TV Viewer Fan Clustering 

Business Objective

A major entertainment client wanted to leverage a new, very noisy dataset consisting of terabytes of second by second television viewing data to identify high value audiences and provide deeper insights into viewers’ needs and tastes to inform targeting marketing and TV show development efforts.


  • eSage Group distilled terabytes of viewing data into meaningful datasets using SQL and integrated new data sources into Snowflake to augment feature engineering. 
  • We leveraged extensive television domain knowledge to account for the nuances of television viewing behavior for data cleansing, feature engineering, modeling and cluster assessment. 
  • During the process, an Exploratory Data Analysis was conducted to assess the integrity of the data and understand feature relationships.
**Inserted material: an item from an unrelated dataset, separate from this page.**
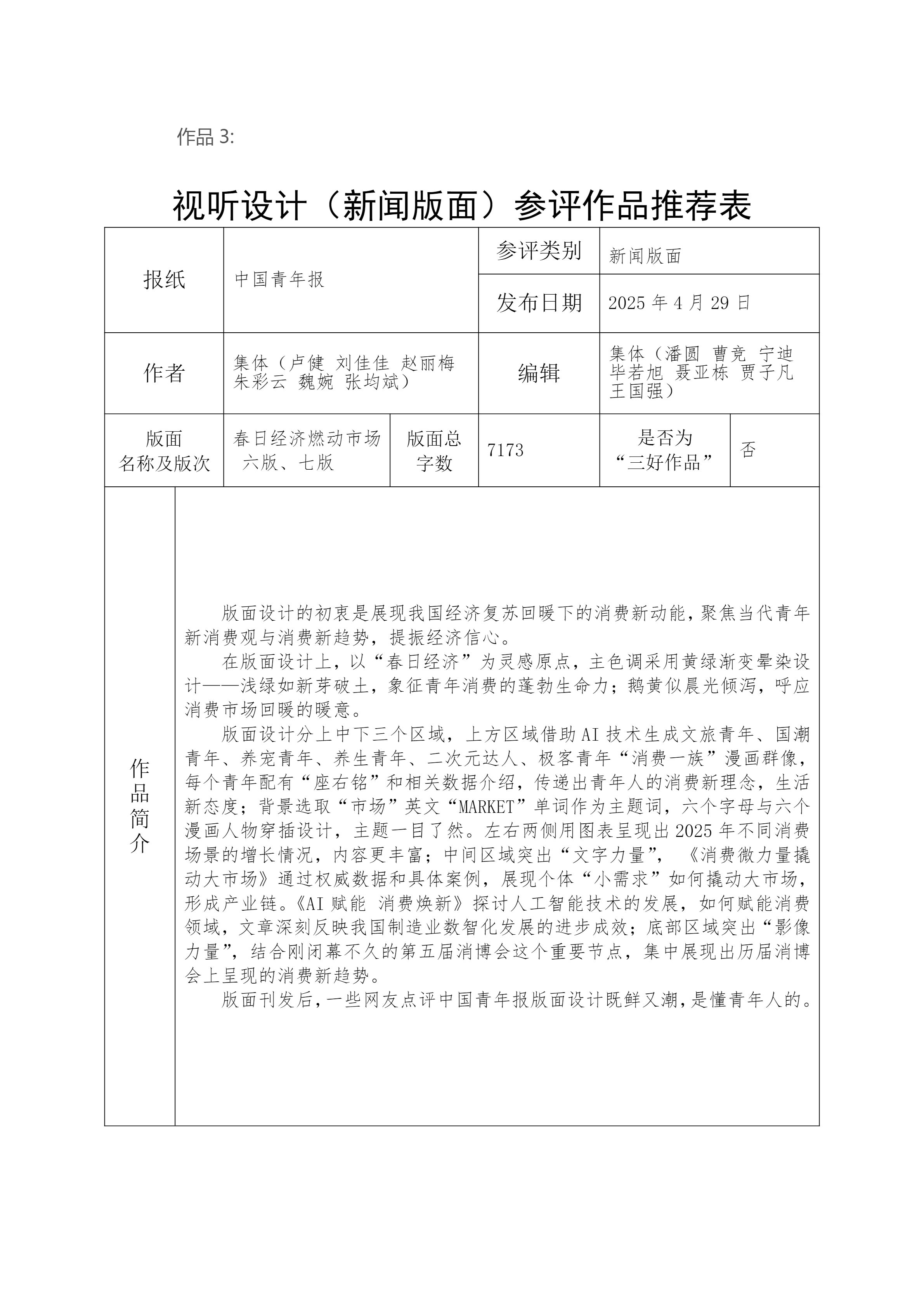 根据第36届中国新闻奖新闻漫画、新闻版面作品专项初评工作通知的有关要求,经向报社各部门单位征集、报社评委会研究推荐,拟推荐以下作品参加专项初评。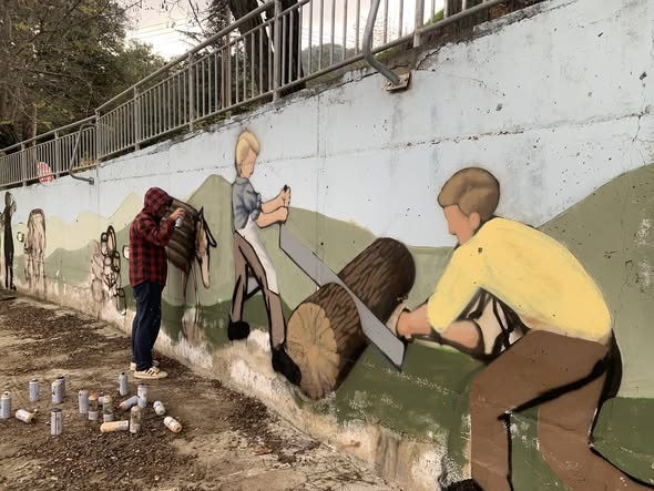 Μοντέρνα τέχνη στον Κάμπο της Τσακκίστρας, με επιχορηγημένα graffiti με σκηνές από την παράδοση του χωριού – Φωτογραφίες

Dimensionality reduction was also employed to focus on key features and improve processing speed. The team analyzed multiple models with Python and discovered feature interactions that significantly improved cluster separation, both thematically and quantitatively. 
  • Throughout the engagement, eSage Group worked closely with client stakeholders to understand changing priorities, incorporate feedback on the approach, and to name identified clusters to best support executive adoption of the model.


  • The effort gave strong direction on the value of the new dataset with detailed guidance on identifying the signal in the noise for television viewers. 
  • Executive presentation illustrated thematic and statistical separation between clusters to inform future marketing and development efforts. 
  • Results showed that specific feature interactions vastly improved cluster separation both in kmeans and Gaussian Mixture Models. This approach also improved training time significantly due to a more compact feature space with more meaningful features.
  • As this was the first modeling effort of television viewers on this dataset, the model was handed off to internal teams for final iteration and ultimate integration of code into targeted marketing efforts.


  • Exploratory Data Analysis 
  • Feature Documentation 
  • Cluster Profiles 
  • Model Assessment
  • Executive Presentation
  • Python & SQL Code handoff